# Homeschooling -- Which are the main methodologies?



## Casey (Dec 11, 2007)

I grew up in public schools and my wife was homeschooled, but we both want to make an effort to pick the best path in regard to the method we choose. My question is not really about picking a curriculum _per se,_ but about methods. We recently purchased _The Well-Trained Mind_ by Bauer & Wise (along with _The Well-Educated Mind_ by Bauer to, when we have time, guide us as parents in our own studies). We also got _Wisdom and Eloquence_ by Littlejohn & Evans. We got these books because they put forward methods for Christian education, though I've only had time to glance at them so far. What I want to look at is the big picture regarding the different methods. I've heard of a method by Charlotte Mason, but haven't looked into it yet.

I figured there'd be people on the forum who could help me. Could those who are in-the-know list (1) the primary homeschool methods, (2) link(s) to one or two main books at Amazon that describe it, and (3) name one or two curriculums that are organized to follow said method? Maybe this is too much and usually folk combine methods or make their own? Just looking for a little guidance to research the fundamentals. Our little girl just turned one and she's just about finished the Shorter Catechism so I figured we better get our act together!  (That's a joke, btw.)

Thanks!


----------



## VirginiaHuguenot (Dec 11, 2007)

I just love the pic Casey.


----------



## Casey (Dec 11, 2007)

I should note, I've also got a book called _Foundations of Christian Education_ by Berkhof and Van Til that has been helpful, even though it was written for Christian school teachers.


----------



## Casey (Dec 11, 2007)




----------



## Reformed Covenanter (Dec 11, 2007)

VirginiaHuguenot said:


> I just love the pic Casey.





I use that picture at every opportunity on my blog. Its great.


----------



## Davidius (Dec 11, 2007)

I'm sure there are many past threads which would be helpful. Here is a link to a list of threads tagged with the world "homeschooling."


----------



## Casey (Dec 11, 2007)

CarolinaCalvinist said:


> I'm sure there are many past threads which would be helpful. Here is a link to a list of threads tagged with the world "homeschooling."

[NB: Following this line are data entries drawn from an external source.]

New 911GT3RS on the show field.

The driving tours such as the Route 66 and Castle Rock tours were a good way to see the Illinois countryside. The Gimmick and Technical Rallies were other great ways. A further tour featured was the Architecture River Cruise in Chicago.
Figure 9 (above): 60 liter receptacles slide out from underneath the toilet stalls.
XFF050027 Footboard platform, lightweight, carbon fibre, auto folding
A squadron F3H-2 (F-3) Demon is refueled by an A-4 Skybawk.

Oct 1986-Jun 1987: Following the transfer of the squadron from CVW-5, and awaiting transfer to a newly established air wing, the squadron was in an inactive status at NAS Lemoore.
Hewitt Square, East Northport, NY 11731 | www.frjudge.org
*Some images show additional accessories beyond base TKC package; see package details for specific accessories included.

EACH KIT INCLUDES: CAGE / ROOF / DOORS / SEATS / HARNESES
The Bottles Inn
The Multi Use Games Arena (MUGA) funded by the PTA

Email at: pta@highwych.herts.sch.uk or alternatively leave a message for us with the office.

I looked at those threads but didn't see anything dealing specifically with method . . .


----------



## Davidius (Dec 11, 2007)

StaunchPresbyterian said:


> CarolinaCalvinist said:
> 
> 
> > I'm sure there are many past threads which would be helpful. Here is a link to a list of threads tagged with the world "homeschooling."
> ...



I guess I'm not really sure what you mean by "method." How would that be different from curriculum?


----------



## Casey (Dec 11, 2007)

CarolinaCalvinist said:


> I guess I'm not really sure what you mean by "method." How would that be different from curriculum?


I guess I mean by "method" the fundamental principles (presuppositions, if you will) regarding how education ought to be done. Different curriculums can employ the same "method" but be worked out practically in different ways, I suppose. Maybe I'm thinking too ideologically about this.


----------



## KMK (Dec 11, 2007)

My wife and I use the "Hang On By The Seat Of Your Pants" method which we borrowed from just about every other homeschool family we know. 

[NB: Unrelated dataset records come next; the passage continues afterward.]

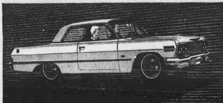
'63 CHEVROLET IMPALA SPORT COUPE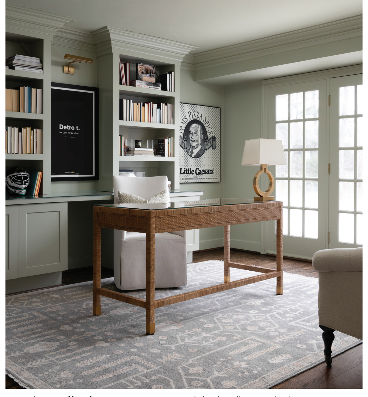
The owner's home office features sports memorabilia that illustrate his hometown connection.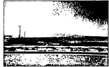
Total Photos: 1

*Taxing description NOT FOR LEGAL DOCUMENTS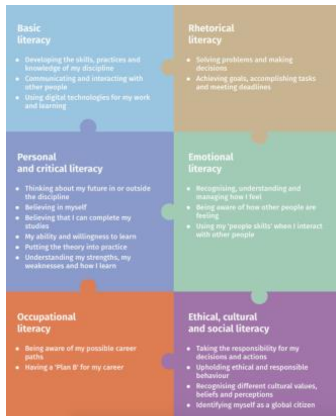
Figure 1: Student (plain English) version of the Literacies for Life (L4) model

The measure underpins a metacognitive model of employability in which employability is defined as “the ability to create and sustain meaningful work across the career lifespan” (Bennett, 2016). The model’s six inter-related Literacies for Life combine to enhance employability and inform personal and professional development. The student version, illustrated at Figure 1, was shared with students as part of their profile and workshop.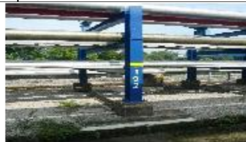
PAINTING WORK - Painting and Labelling for BTX Plant of Titan Group at Pasir Gudang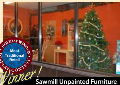
Sawmill Unpainted Furniture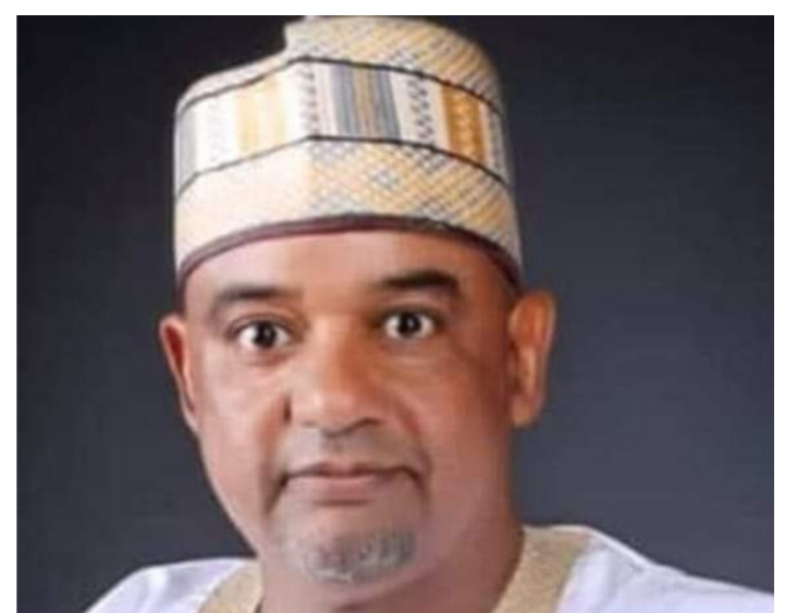
Ambassador Umar Iliya Damagum

"On behalf of the entire discipline and supporters of the party, we are confident with the leaderships of the present NWC, under Amb Umar Iliya Damagum, the Board of Trustees (BoT), and PDP Governors' Forum among others.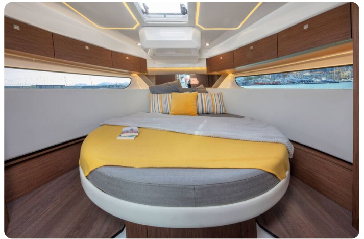
Jeanneau Merry Fisher 1095 - main cabin with double berth and hatch to deck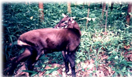
Rare Saola antelope

There are unusual animals, such as Indochinese tigers and the extremely rare saola antelope, in the tropical forests. See what you can find out about them.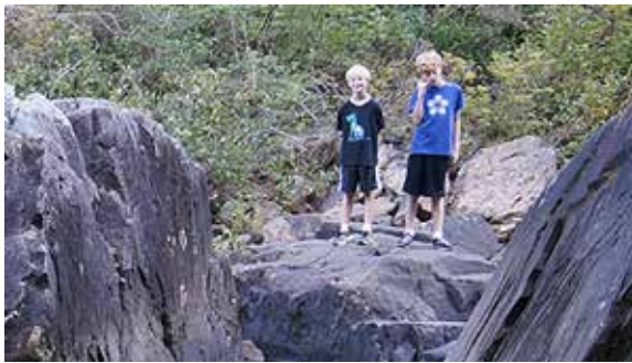
rocks frame the boys

Seriously, the great part about homeschooling is the opportunity you have for differentiated instruction. The method depends on the child. We use BJU for all 4 but use different methodologies in order to meet their different needs as well as the needs of my wife who is responsible for teaching most of it.


----------



## Kevin (Dec 11, 2007)

KMK said:


> My wife and I use the "Hang On By The Seat Of Your Pants" method which we borrowed from just about every other homeschool family we know.
> 
> Seriously, the great part about homeschooling is the opportunity you have for differentiated instruction. The method depends on the child. We use BJU for all 4 but use different methodologies in order to meet their different needs as well as the needs of my wife who is responsible for teaching most of it.


----------



## Kevin (Dec 11, 2007)

Susan Wise_Baurer is a Great place to start!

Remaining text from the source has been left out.